Quorum sensing and social networking in the microbial world

Abstract

For many years, bacterial cells were considered primarily as selfish individuals, but, in recent years, it has become evident that, far from operating in isolation, they coordinate collective behaviour in response to environmental challenges using sophisticated intercellular communication networks. Cell-to-cell communication between bacteria is mediated by small diffusible signal molecules that trigger changes in gene expression in response to fluctuations in population density. This process, generally referred to as quorum sensing (QS), controls diverse phenotypes in numerous Gram-positive and Gram-negative bacteria.

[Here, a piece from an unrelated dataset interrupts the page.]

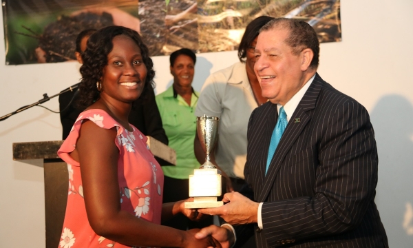 Hon Audley Shaw, Minister of Industry, Commerce, Agriculture and Fisheries, presents trophy to the best female cane farmer Kenesha Gordon from Dukenfield, St. Thomas, at the All-Island Jamaica Cane Farmers’ Association 69th Annual General Meeting, held at the Spanish Court Hotel in New Kingston on November 14, 2018.

Recent advances have revealed that bacteria are not limited to communication within their own species but are capable of 'listening in' and 'broadcasting to' unrelated species to intercept messages and coerce cohabitants into behavioural modifications, either for the good of the population or for the benefit of one species over another. It is also evident that QS is not limited to the bacterial kingdom. The study of two-way intercellular signalling networks between bacteria and both uni- and multicellular eukaryotes as well as between eukaryotes is just beginning to unveil a rich diversity of communication pathways.

Figure 1.

The structures of some common QS signal molecules.

Figure 2.

The autoregulated QS circuits of Y. pseudotuberculosis, capable of producing up to eight AHLs at physiological concentrations, control flagella-mediated motility by regulating the expression of the motility master regulator flhDC and the alternative sigma factor fliA (adapted from Atkinson et al. 2008).

Figure 3.

Xanthomonas campestris DSF autoinduction. RpfC inhibits the activity of the DSF synthase RpfF at low cell density. As the cell density increases and basal DSF production allows for signal accumulation, an RpfC conformational change mediated by DSF promotes the release of RpfF to synthesize more DSF and also to initiate phosphorelay from RpfC to RpfG, which will trigger the expression of target genes in the DSF regulon (adapted from He & Zhang 2008).

Figure 4.

QS in V. cholerae. Two QS signals AI-2 and CAI-1 work synergistically to regulate virulence factor expression and biofilm development. At low population density in the absence of signal molecules, the absence of HapR triggers the expression of genes such as vps, ctx and tcp, which are normally repressed by HapR. As the cell density and therefore the signal molecule concentration increases HapR represses the expression of the genes responsible for colonization and promotes detachment from the intestinal epithelium to enable the organism to exit the host (adapted from Kaper & Sperandio 2005).

Figure 5.

AIP-mediated QS in S. aureus. (a) The AIP activates the transmembrane receptor histidine kinase AgrC to trigger autophosphorylation and phosphotransfer to AgrA, which in turn drives the transcription of the agrP2 and agrP3 promoters. This triggers rightward and leftward transcription of the agr locus and RNAIII-dependent and -independent genes. (b)(i) Structures of AIP-1 and (ii) the linear sequences of the four S. aureus AIPs which constitute four different agr specificity groups.